The day after Barack Obama was elected president was an odd one for Marvin Kreutzberger. The education consultant had spent the previous months tirelessly working to get Obama elected. With that goal accomplished, he didn't know what to do with his free time.
"It was the first time in months that I was able to sigh and think about something other than the election," said Kreutzberger, 64, of Merrick. "The campaign took over my life more than anything else I have done. It was a day of conflicting feelings."
Life for several early Obama supporters from Long Island has been transformed since their participation in one of the most surprising - and longest - presidential runs in history.
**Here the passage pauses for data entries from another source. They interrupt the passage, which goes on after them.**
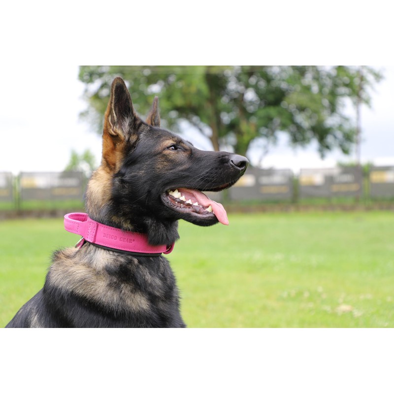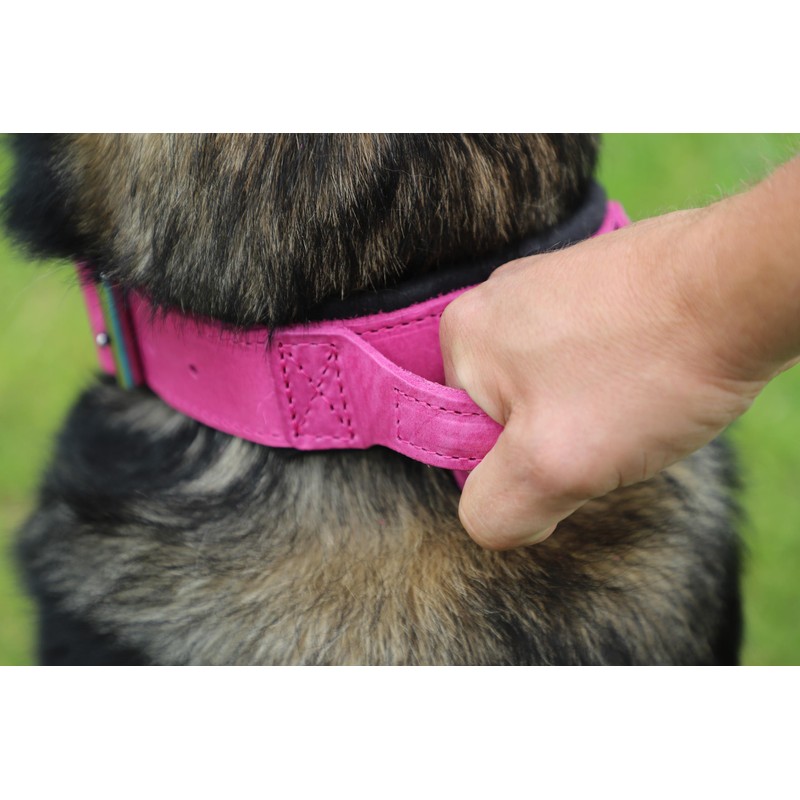 DINGO GEAR Drago Leather Dog Collar, Amortized with Strong Wide Handle, Handmade, Neck Girth 48-56 cm, for Training and Walks, Pull Protection, Soft Padding, Pink (S03919)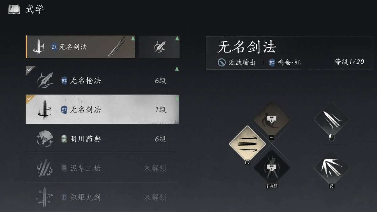 如果此时使用的武器不是剑,需要将武器切换成任意品质的剑,并将自己的武学给切换成剑法武学,比方说无名剑法等,最后施展出剑法武学招式就可完成此第一阶段,第二阶段需要前往丰禾村皮影戏摊附近。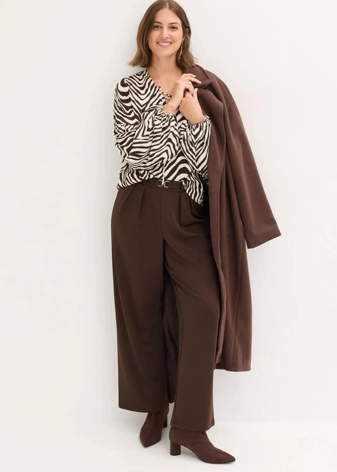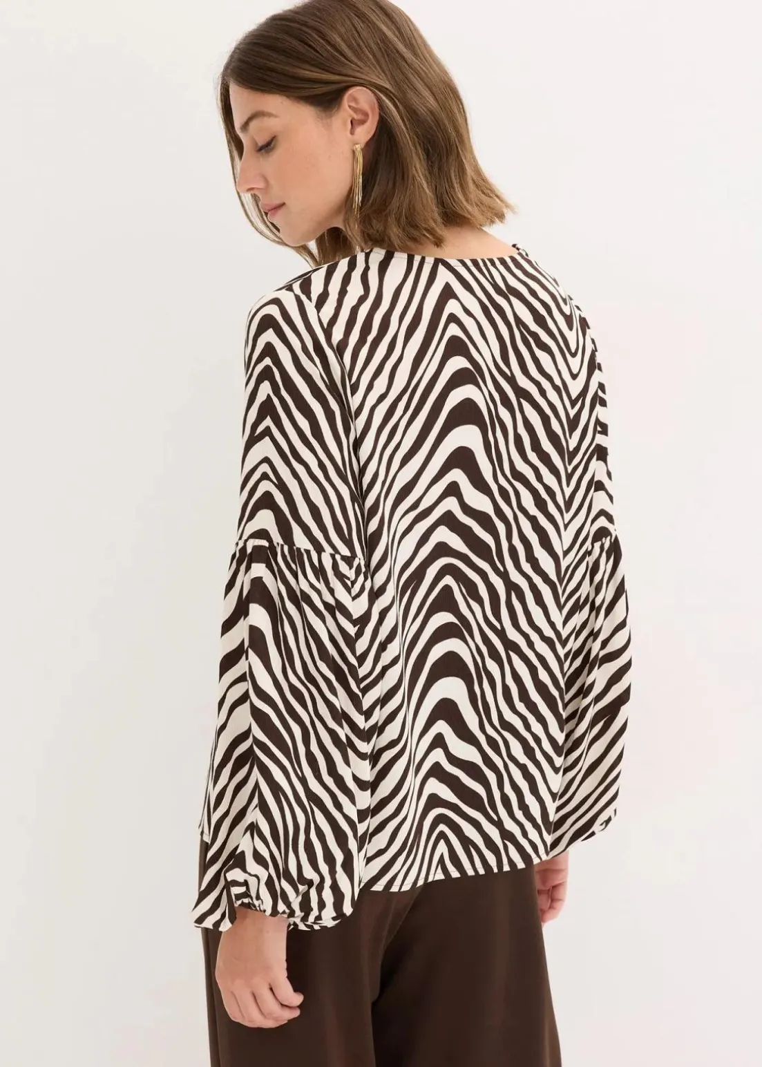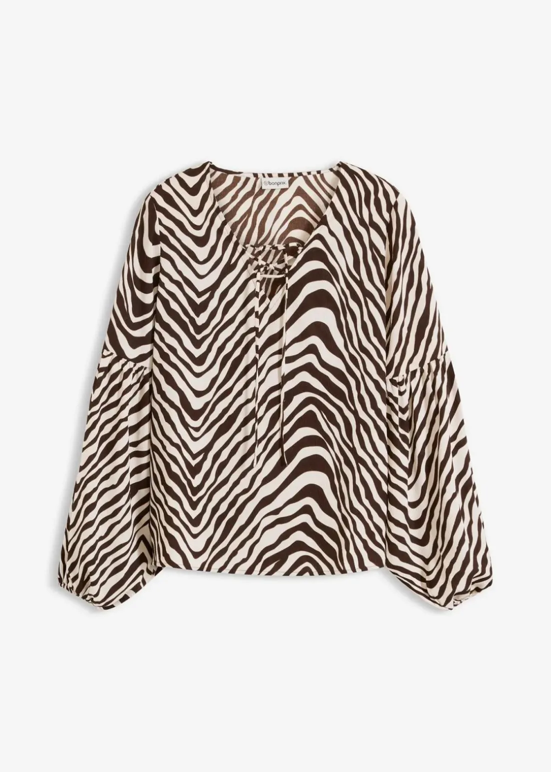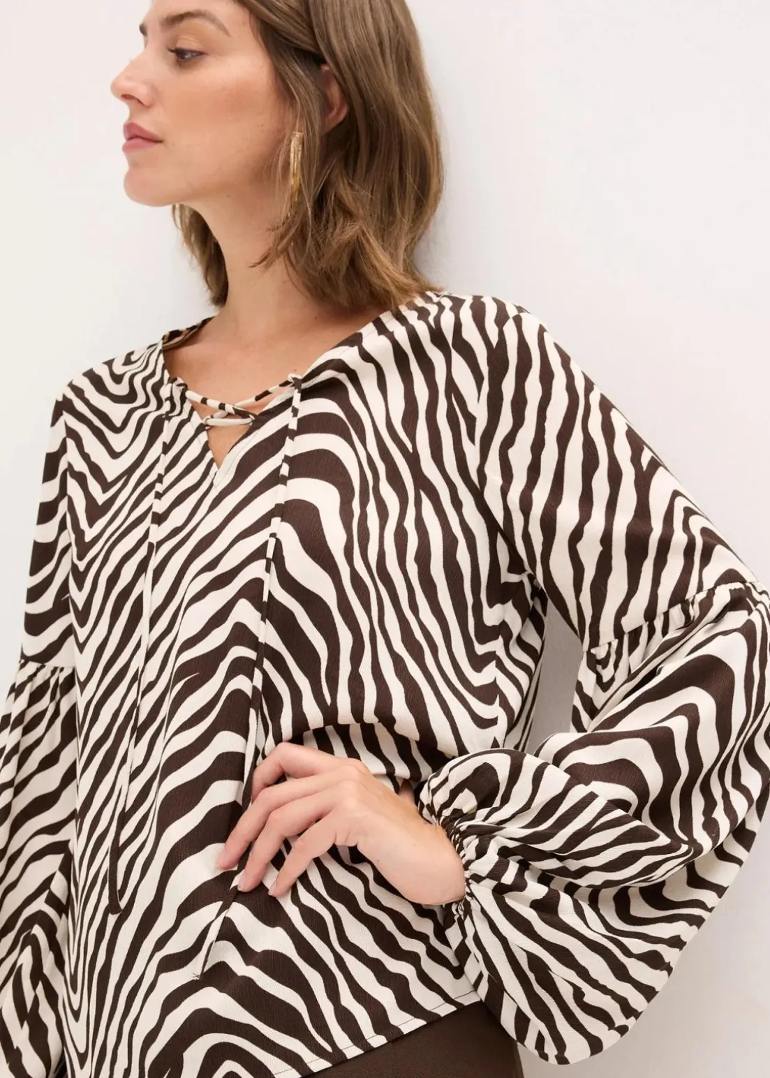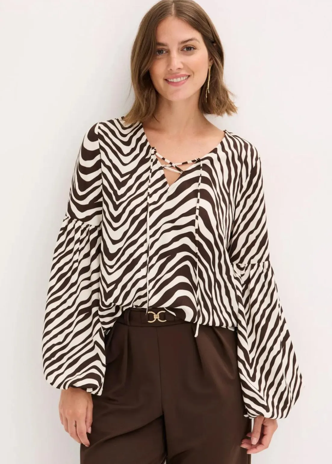 modisch bedruckte Tunikabluse mit voluminösen Ärmeln und Bindeband-Detail vorne am V-Ausschnitt.

Their early involvement in the campaign for the then mostly unknown senator from Illinois started before it was cool - or even comprehensible that he could beat home state favorite Hillary Clinton. Now they have returned to their lives recharged and inspired.
"I'm a better person for this," said Kreutzberger of his first political campaign involvement. "There's a sense of personal gratification that I helped accomplish something that will restore some of our faith in the way the country conducts itself."
Kreutzberger joined the Obama team in the fall of 2007. The work so consumed him that by the following spring he informed two colleges, where he sometimes worked as an adjunct professor, that he would not be available for the fall term.
Now he will continue his political lobbying with Yes We Can Long Island, a group he helped organize last year to support Obama.
"We will remain an active group," Kreutzberger said. "We will be in support of the new administration, but challenge them if they look like they are not going to live up to their commitments."
Diane Smith, 48, also a Yes We Can Long Island volunteer, said she gave up her job as a New York City schoolteacher in September 2007, in part to stump for Obama. But she feels like the winner now.
"It has set me on a new path," said the Long Beach resident. "I'm now following a calling to be a community organizer."
Sue Hornik, 60, of Bellport said after hearing Obama speak at a Manhattan fundraiser in March 2007 she decided to join his campaign.
"He was in such command of the issues and he thought out of the box," said Hornik, who put her consulting business on hold to lead campaign efforts on the East End. "I saw that he was what I was looking for in a candidate."
She said working with the campaign renewed her faith in the ability to motivate people to change and has reignited a desire to go back to work full time. "I realized I liked to manage people," she said. "And I'm good at it."
Mark Cronin, a writer and former health care executive from Huntington Bay, staked his claim with the Obama camp in the spring of 2007, basically putting all professional obligations on the back burner. Now he is back organizing on a grassroots level to have councilmanic districts drawn in Huntington. He was recently named a Democratic committeeman in Huntington.
"It was a tremendous time commitment," Cronin, 50, said. "But it's always good to commit to something larger than yourself. And I'm going to continue my grassroots efforts here in Huntington."
He said he sometimes thinks back to when he first told people he would be supporting Barack Obama.
"It first bordered on condescending," Cronin said. " 'Oh, that's nice. He's a nice guy, but he's not going anywhere.' But I always felt pretty confident," Cronin said.